Please share Science & Enterprise

Biotechs to Develop Personal Cancer-Killing Virus Vaccines

Adenovirus illustration

Adenovirus illustration (Richard Feldmann, National Cancer Institute)

13 Nov. 2018. Two biotechnology companies developing engineered viruses as cancer therapies plan to create personalized treatments for solid tumors with viruses that harness the immune system. Financial and intellectual property aspects of the agreement between DNAtrix in Houston and Valo Therapeutics in Helsinki, Finland were not disclosed.

Both DNAtrix and Valo Therapeutics use adenoviruses as therapeutic devices to treat cancer. To most people, adenoviruses are benign, but they can cause symptoms similar to the common cold or other viral diseases. DNAtrix develops what it calls “armed viruses,” adenoviruses engineered to enhance and invoke immune-system responses to attack tumor cells. The armed viruses attack tumors directly, but also stimulate T-cells in the immune system to kill tumor cells.

The company, a spin-off enterprise from MD Anderson Cancer Center, currently designs adenovirus treatments for tumors expressing proteins known as tumor necrosis factor receptors, associated with breast, melanoma, brain, and lung cancer. DNAtrix says it successfully tested these treatments in lab animals and has one therapy called tasadenoturev, or DNX-2401, in a clinical trial among patients with the deadly brain cancer glioblastoma. As reported by Science & Enterprise in February, the trial reported mixed results, with dramatic efficacy among some patients, but limited results for others. The company is recruiting participants for other clinical studies of DNX-2401 in patients with brain cancer both alone and with other cancer drugs.

Valo Therapeutics, a spin-off enterprise from University of Helsinki founded in January 2017, also develops cancer immunotherapies with adenoviruses, but modifies the viruses with cancer-killing peptides, short chains of amino acids resembling simple proteins. In the company’s technology known as Pepticrad, the capsid, or viral shell, absorbs the peptides into the virus, turning the virus into a antigen that provokes an immune response specific to the targeted tumor. Valo advanced the technology so multiple peptides can be included into a single virus, including neoantigens, peptides expressed by individual cancer patients’ tumors.

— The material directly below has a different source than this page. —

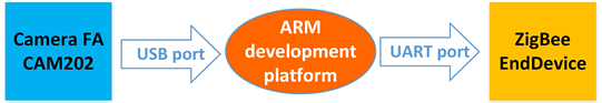 The image acquisition subsystem includes the image acquisition module based on H3 ARM processor development platform and the sending module based on ZigBee terminal equipment, as shown in Figure 4. The image acquisition module controls the FA CAM202 model USB camera to collect images in a certain period, then compress the images and send them to the ZigBee terminal through the serial port, and then send them to the regional gateway through the ZigBee protocol.

DNAtrix and Valo are collaborating on development of adenovirus cancer vaccines that combine the armed viruses from DNAtrix with Valo’s personalized neoantigen peptides, to provide cancer therapies addressing the precise molecular composition of a patient’s tumor. Frank Tufaro, CEO of DNAtrix, notes in a joint statement, “For the first time, we can combine the potent tumor killing and immune stimulation triggered by viruses along with a patient specific anti-tumor vaccine for generating effective anti-tumor immunity. Perhaps most importantly, the process eliminates the need to manufacture new viruses for each patient.” Tufaro adds, “We are moving swiftly into the clinic to evaluate this exciting technology.”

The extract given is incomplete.